**** Collected material ****
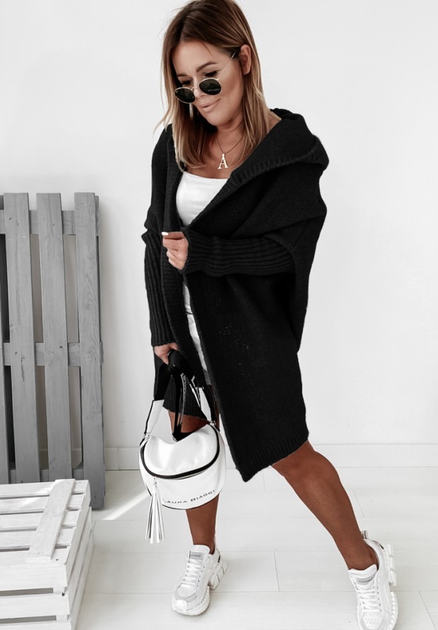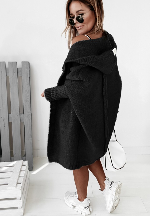 A supremely soft cardigan with a hood is a proposition that absolutely should be in every closet! Simple, but remarkable cut, it will always present itself phenomenally! It has welts in the sleeves. It is an ideal choice for styling on cold days. It will complement them fantastically and give a completely new character. The product is made of high-quality material, and is available in many color variants.
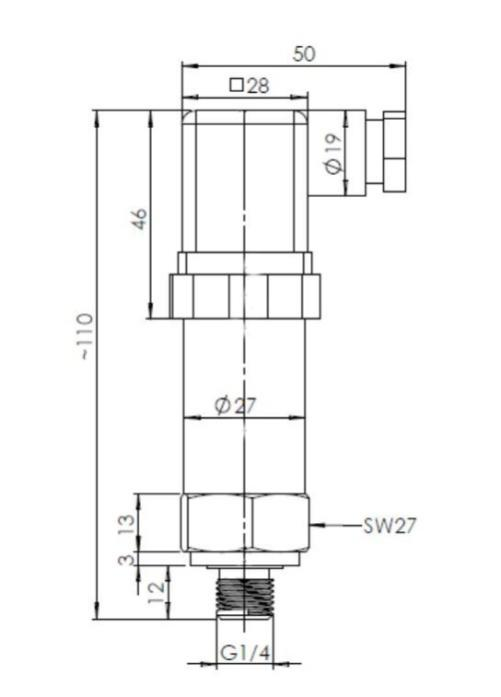 SPT21型壓力變送器的壓力接口為G1/4外螺紋,可以直接安裝在測量管道的接頭上。為便于安裝和維修,接頭與管道之間建議加裝截止閥。
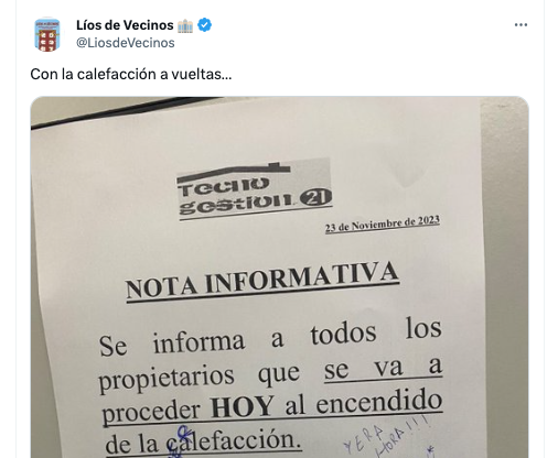 El encendido de la calefacción de la comunidad suele ser una buena noticia, sobre todo cuando comienza a hacer más frío. Como podemos ver en la imagen, en un vecindario, tras ser notificados, varios vecinos han respondido a la nota. Uno muestra su alegría con un «yera hora!!!», mientras que otro, afirma lo siguiente: «nunca se me arrio tanto la muyer». La captura ya es viral.
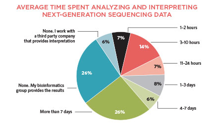 今年The Scientist杂志与另外一家国际市场情报与咨询公司Frost & Sullivan合作,展开了一项新一代测序技术使用情况的用户调查活动。 调查结果显示,目前大部分新一代测序技术研究工作主要集中在基础研究和疾病相关的研究方面。这一调查受访者中约有40%的研究人员参与了新一代测序研究,不过下半年的人数可能还会增加4%,还有一半受访者表示在未来的两年内,将计划进行着方面的研究。 目前新一代测序技术流程中最大的瓶颈是分析和注释数据所花费的时间太长,大约有 32%的受访者都将这些工作外包给生物信息学同事,或者第三方公司。 那么影响购买者购买仪器的因素有哪些呢? 调查显示,数据的准确性和操作成本,这两者是购买测序设备的最重要采购标准。但是如果两种仪器的数据精确度相同,那么操作成本、应用的广泛性,读长和通量就成为了第二重要的参考因素。 平均花费的时间: NGS 工作流程的最大瓶颈是分析和注释数据所花费的时间太长。有四分之一的研究人员表示NGS数据分析需要至少一周时间,还有32%的受访者将这一工作外包给其他生物信息学组同事或第三方公司。
****
Make an exact copy of the data, leaving its pictures out.

# Finished task
 A supremely soft cardigan with a hood is a proposition that absolutely should be in every closet! Simple, but remarkable cut, it will always present itself phenomenally! It has welts in the sleeves. It is an ideal choice for styling on cold days. It will complement them fantastically and give a completely new character. The product is made of high-quality material, and is available in many color variants.
 SPT21型壓力變送器的壓力接口為G1/4外螺紋,可以直接安裝在測量管道的接頭上。為便于安裝和維修,接頭與管道之間建議加裝截止閥。
 El encendido de la calefacción de la comunidad suele ser una buena noticia, sobre todo cuando comienza a hacer más frío. Como podemos ver en la imagen, en un vecindario, tras ser notificados, varios vecinos han respondido a la nota. Uno muestra su alegría con un «yera hora!!!», mientras que otro, afirma lo siguiente: «nunca se me arrio tanto la muyer». La captura ya es viral.
 今年The Scientist杂志与另外一家国际市场情报与咨询公司Frost & Sullivan合作,展开了一项新一代测序技术使用情况的用户调查活动。 调查结果显示,目前大部分新一代测序技术研究工作主要集中在基础研究和疾病相关的研究方面。这一调查受访者中约有40%的研究人员参与了新一代测序研究,不过下半年的人数可能还会增加4%,还有一半受访者表示在未来的两年内,将计划进行着方面的研究。 目前新一代测序技术流程中最大的瓶颈是分析和注释数据所花费的时间太长,大约有 32%的受访者都将这些工作外包给生物信息学同事,或者第三方公司。 那么影响购买者购买仪器的因素有哪些呢? 调查显示,数据的准确性和操作成本,这两者是购买测序设备的最重要采购标准。但是如果两种仪器的数据精确度相同,那么操作成本、应用的广泛性,读长和通量就成为了第二重要的参考因素。 平均花费的时间: NGS 工作流程的最大瓶颈是分析和注释数据所花费的时间太长。有四分之一的研究人员表示NGS数据分析需要至少一周时间,还有32%的受访者将这一工作外包给其他生物信息学组同事或第三方公司。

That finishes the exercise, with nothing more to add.